By: Christopher Lewis
The EUR/USD pair has fallen in a particularly bearish session on Wednesday as the German government has failed to sell half of the expected bond sale for the day. The markets have been struggling to break below the 1.35 – 1.34 area as it showed itself to be significant support for this pair that seems to defy gravity.
The pair is seeing serious pressure in the US session as well, which is known for buying the Euro and selling the Dollar. The pattern of late has been to reverse the selling in Europe, especially in the afternoon once the European traders have gone home for the day. The stock market is almost completely correlated with this pair now, and as such this pair is almost religiously bought up by Americans. The pair is now entering a dangerous phase for those bulls though.
The breaking down to the high 1.33 handle has signaled that the pair may be ready to test the bottom of the support band all the way down to the 1.31 level. The breaking below of that level would be disastrous for the Euro, and would signal much, much lower rates. The pair has been a “sell the rallies” pair for a while now, and should continue to be.
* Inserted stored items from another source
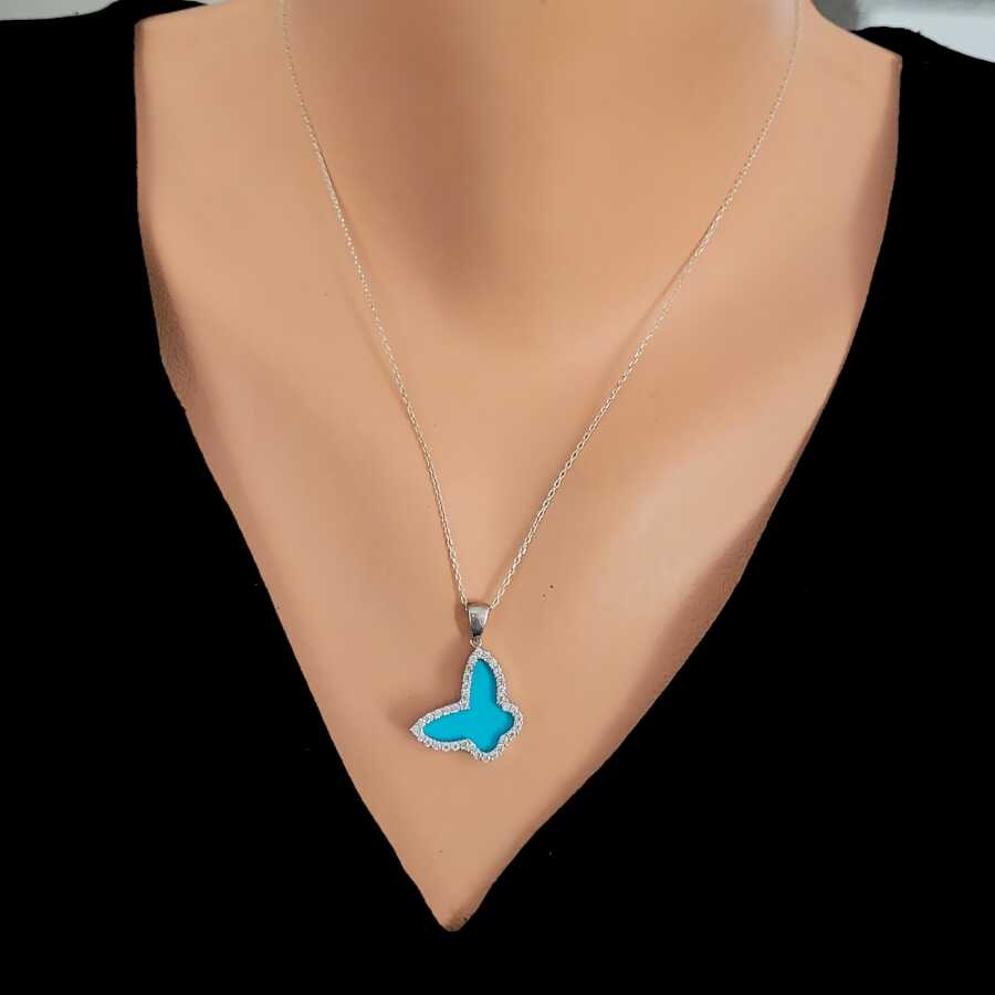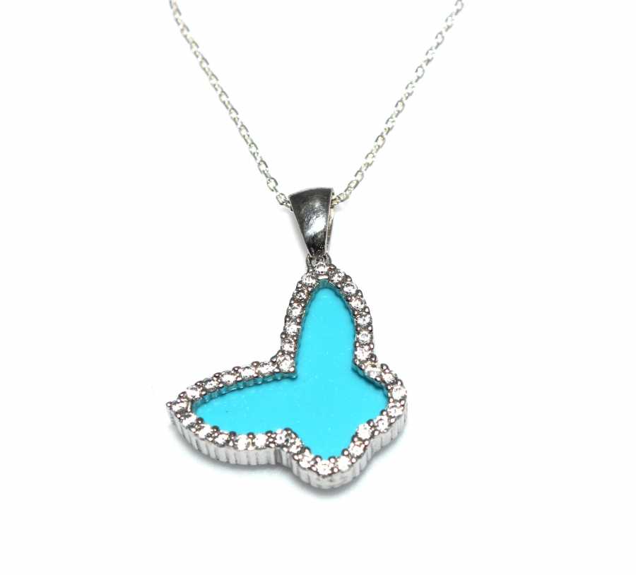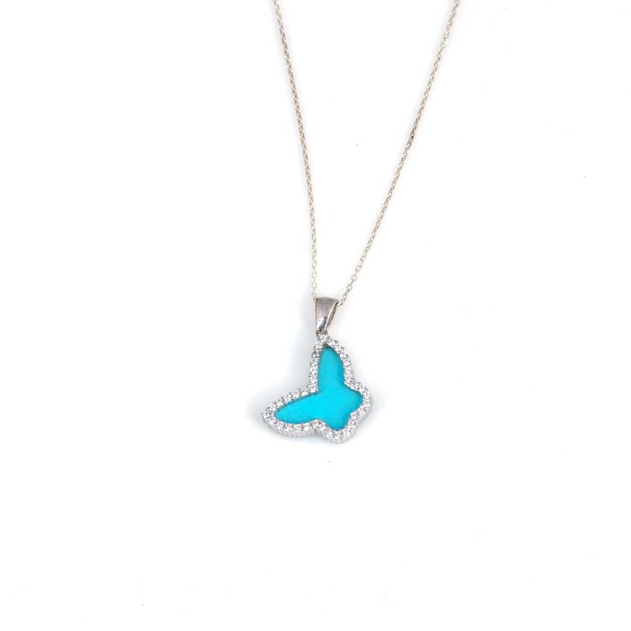 925 Ayar Gümüş Turkuaz Taşlı Kelebek Kolye, Beyaz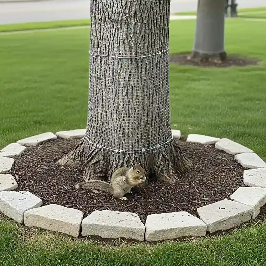If your yard features mature trees, you must protect the “trunk flare” and surface roots from being gnawed. This is a crucial element of tree landscaping ideas in squirrel-heavy regions.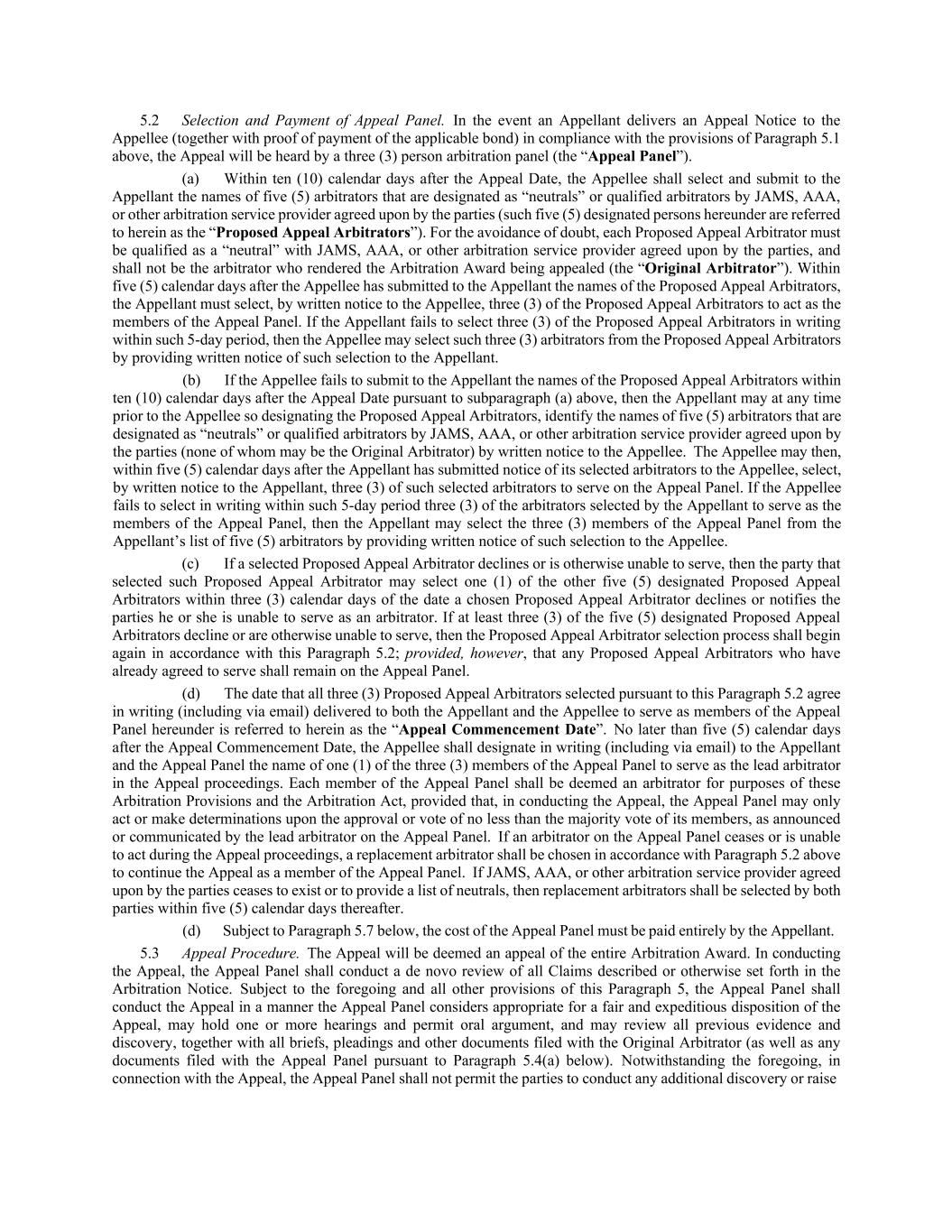 5.2 Selection and Payment of Appeal Panel. In the event an Appellant delivers an Appeal Notice to the Appellee (together with proof of payment of the applicable bond) in compliance with the provisions of Paragraph 5.1 above, the Appeal will be heard by a three (3) person arbitration panel (the “Appeal Panel”). (a) Within ten (10) calendar days after the Appeal Date, the Appellee shall select and submit to the Appellant the names of five (5) arbitrators that are designated as “neutrals” or qualified arbitrators by JAMS, AAA, or other arbitration service provider agreed upon by the parties (such five (5) designated persons hereunder are referred to herein as the “Proposed Appeal Arbitrators”). For the avoidance of doubt, each Proposed Appeal Arbitrator must be qualified as a “neutral” with JAMS, AAA, or other arbitration service provider agreed upon by the parties, and shall not be the arbitrator who rendered the Arbitration Award being appealed (the “Original Arbitrator”). Within five (5) calendar days after the Appellee has submitted to the Appellant the names of the Proposed Appeal Arbitrators, the Appellant must select, by written notice to the Appellee, three (3) of the Proposed Appeal Arbitrators to act as the members of the Appeal Panel. If the Appellant fails to select three (3) of the Proposed Appeal Arbitrators in writing within such 5-day period, then the Appellee may select such three (3) arbitrators from the Proposed Appeal Arbitrators by providing written notice of such selection to the Appellant. (b) If the Appellee fails to submit to the Appellant the names of the Proposed Appeal Arbitrators within ten (10) calendar days after the Appeal Date pursuant to subparagraph (a) above, then the Appellant may at any time prior to the Appellee so designating the Proposed Appeal Arbitrators, identify the names of five (5) arbitrators that are designated as “neutrals” or qualified arbitrators by JAMS, AAA, or other arbitration service provider agreed upon by the parties (none of whom may be the Original Arbitrator) by written notice to the Appellee. The Appellee may then, within five (5) calendar days after the Appellant has submitted notice of its selected arbitrators to the Appellee, select, by written notice to the Appellant, three (3) of such selected arbitrators to serve on the Appeal Panel. If the Appellee fails to select in writing within such 5-day period three (3) of the arbitrators selected by the Appellant to serve as the members of the Appeal Panel, then the Appellant may select the three (3) members of the Appeal Panel from the Appellant’s list of five (5) arbitrators by providing written notice of such selection to the Appellee. (c) If a selected Proposed Appeal Arbitrator declines or is otherwise unable to serve, then the party that selected such Proposed Appeal Arbitrator may select one (1) of the other five (5) designated Proposed Appeal Arbitrators within three (3) calendar days of the date a chosen Proposed Appeal Arbitrator declines or notifies the parties he or she is unable to serve as an arbitrator. If at least three (3) of the five (5) designated Proposed Appeal Arbitrators decline or are otherwise unable to serve, then the Proposed Appeal Arbitrator selection process shall begin again in accordance with this Paragraph 5.2; provided, however, that any Proposed Appeal Arbitrators who have already agreed to serve shall remain on the Appeal Panel. (d) The date that all three (3) Proposed Appeal Arbitrators selected pursuant to this Paragraph 5.2 agree in writing (including via email) delivered to both the Appellant and the Appellee to serve as members of the Appeal Panel hereunder is referred to herein as the “Appeal Commencement Date”. No later than five (5) calendar days after the Appeal Commencement Date, the Appellee shall designate in writing (including via email) to the Appellant and the Appeal Panel the name of one (1) of the three (3) members of the Appeal Panel to serve as the lead arbitrator in the Appeal proceedings. Each member of the Appeal Panel shall be deemed an arbitrator for purposes of these Arbitration Provisions and the Arbitration Act, provided that, in conducting the Appeal, the Appeal Panel may only act or make determinations upon the approval or vote of no less than the majority vote of its members, as announced or communicated by the lead arbitrator on the Appeal Panel. If an arbitrator on the Appeal Panel ceases or is unable to act during the Appeal proceedings, a replacement arbitrator shall be chosen in accordance with Paragraph 5.2 above to continue the Appeal as a member of the Appeal Panel. If JAMS, AAA, or other arbitration service provider agreed upon by the parties ceases to exist or to provide a list of neutrals, then replacement arbitrators shall be selected by both parties within five (5) calendar days thereafter. (d) Subject to Paragraph 5.7 below, the cost of the Appeal Panel must be paid entirely by the Appellant. 5.3 Appeal Procedure. The Appeal will be deemed an appeal of the entire Arbitration Award. In conducting the Appeal, the Appeal Panel shall conduct a de novo review of all Claims described or otherwise set forth in the Arbitration Notice. Subject to the foregoing and all other provisions of this Paragraph 5, the Appeal Panel shall conduct the Appeal in a manner the Appeal Panel considers appropriate for a fair and expeditious disposition of the Appeal, may hold one or more hearings and permit oral argument, and may review all previous evidence and discovery, together with all briefs, pleadings and other documents filed with the Original Arbitrator (as well as any documents filed with the Appeal Panel pursuant to Paragraph 5.4(a) below). Notwithstanding the foregoing, in connection with the Appeal, the Appeal Panel shall not permit the parties to conduct any additional discovery or raise
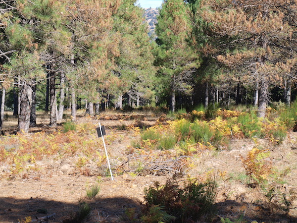 Están a 40 metros y entre la broza y los troncos de los pinos no veo ni orejas ni Cristo que lo fundó. Joé que vista tiene el chaval. Ah! ya las veo.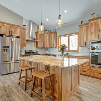 This home puts everything on one level for easy movement and entertaining. Zero entry features an open floor plan with vaulted ceilings. The spacious kitchen highlights quartz counter tops, tiled backsplash and Amish custom rustic hickory cabinetry. Everyone can meet in the middle at the kitchen’s extra-wide granite island. The wall oven and microwave combo is perfect for those large family gatherings.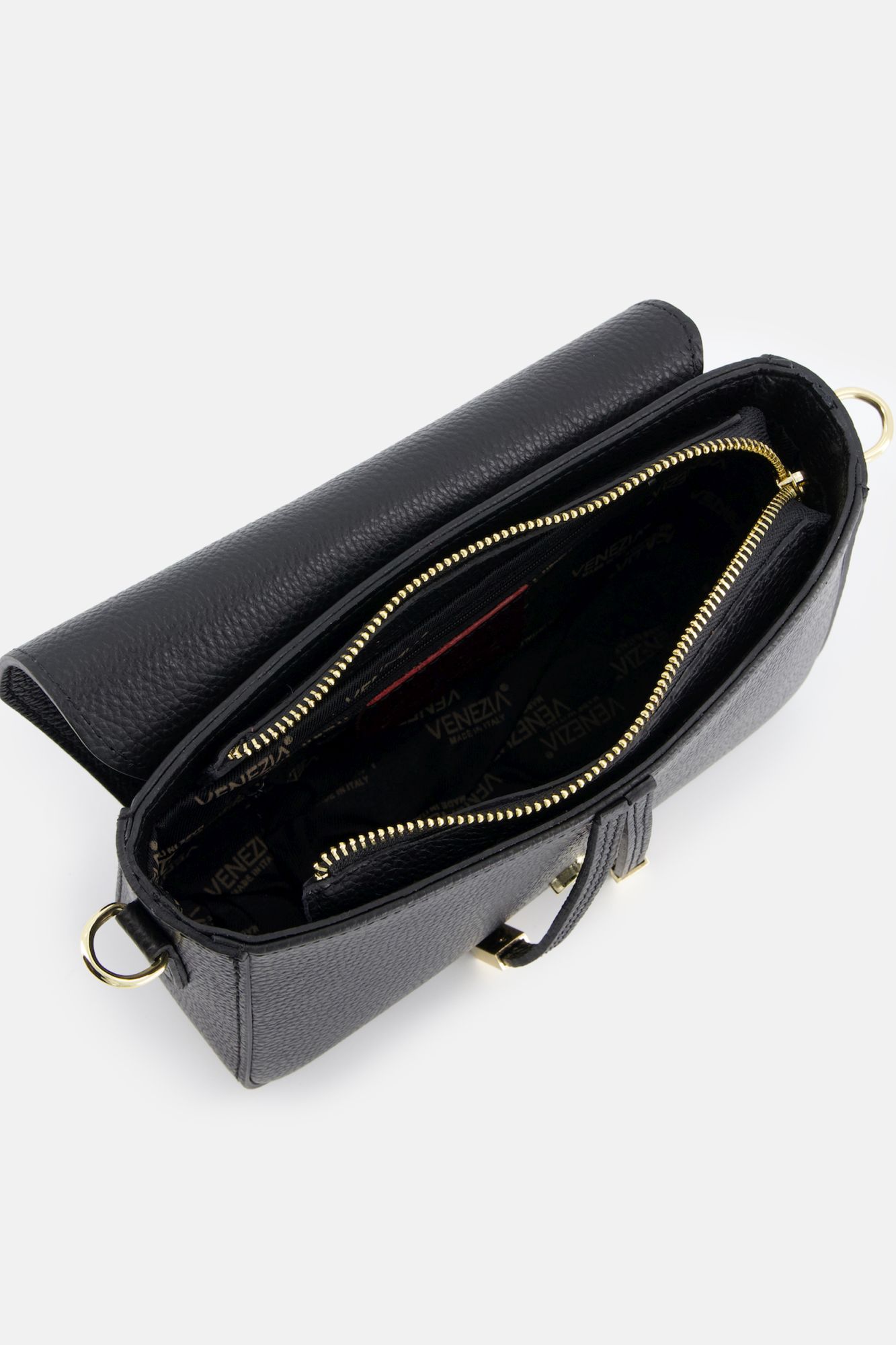 Černá kožená kabelka přes rameno s asymetrickou klopou

The market does tend to pop suddenly on Euro-positive headlines, but the rallies have all failed to produce anything of a lasting nature. Euro bulls have been burnt so many times by this, one has to wonder how much more they are willing to put up with. Simply put, the entire future of the Euro is being questioned at the moment, and this isn’t a good sign going forward. Even if the Euro is ultimately saved, how many other currencies are being questioned about their future at the moment? It really is starting to get that bad.
Selling rallies will continue to be the way forward for this pair in the foreseeable future.